Data extract —

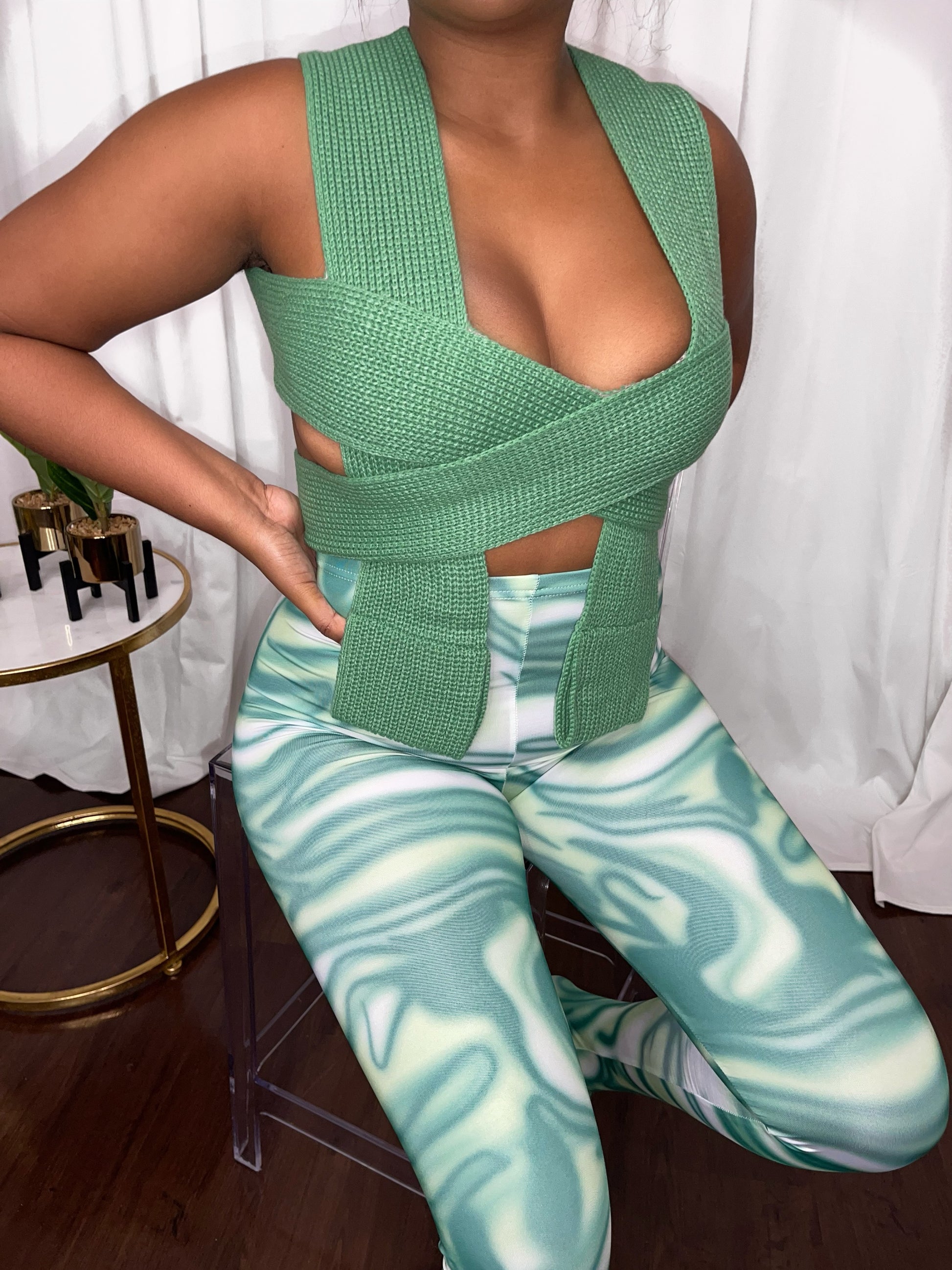 Multi-wear sweater top available in colors: green, cream, & pink. Top has great stretch with soft sweater material. Very comfortable & not itchy. Link for bottoms attached below.
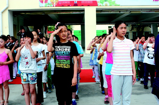 经九路小学加入到经五教育集团后,加强了体验式教育的研究,让德育浸润儿童心灵,学生在体验中成长。图为孩子们一起为爸妈表演《感恩的心》。 (史云虹)
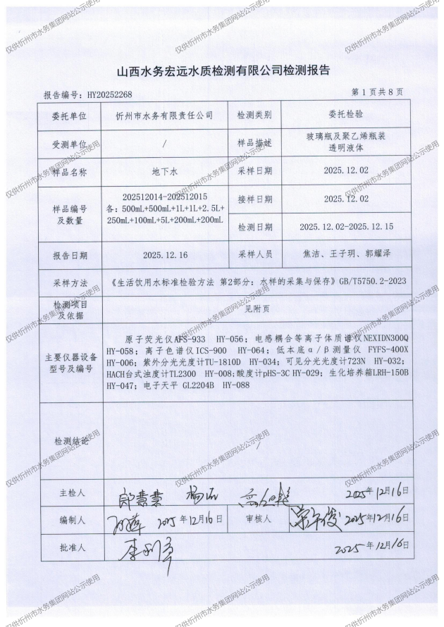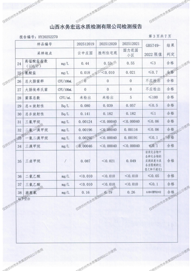 忻州城區(qū)公共供水水源水、出廠水、管網(wǎng)水、管網(wǎng)末梢水2025年12月份水質(zhì)信息公示
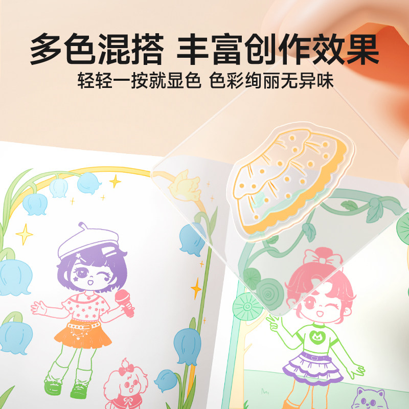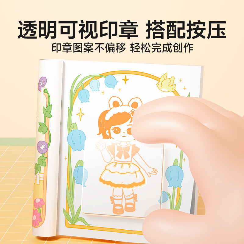 印章 DIY少女换装 可爱卡通动漫透明手账本服装 穿搭透明可视印章画 设计师28种印章随心搭配 图册印泥小小换装 时光学

What the task requires — Could you set down the material above word for word while dropping its pictures?

Task result —
 Multi-wear sweater top available in colors: green, cream, & pink. Top has great stretch with soft sweater material. Very comfortable & not itchy. Link for bottoms attached below.
 经九路小学加入到经五教育集团后,加强了体验式教育的研究,让德育浸润儿童心灵,学生在体验中成长。图为孩子们一起为爸妈表演《感恩的心》。 (史云虹)
 忻州城區(qū)公共供水水源水、出廠水、管網(wǎng)水、管網(wǎng)末梢水2025年12月份水質(zhì)信息公示
 印章 DIY少女换装 可爱卡通动漫透明手账本服装 穿搭透明可视印章画 设计师28种印章随心搭配 图册印泥小小换装 时光学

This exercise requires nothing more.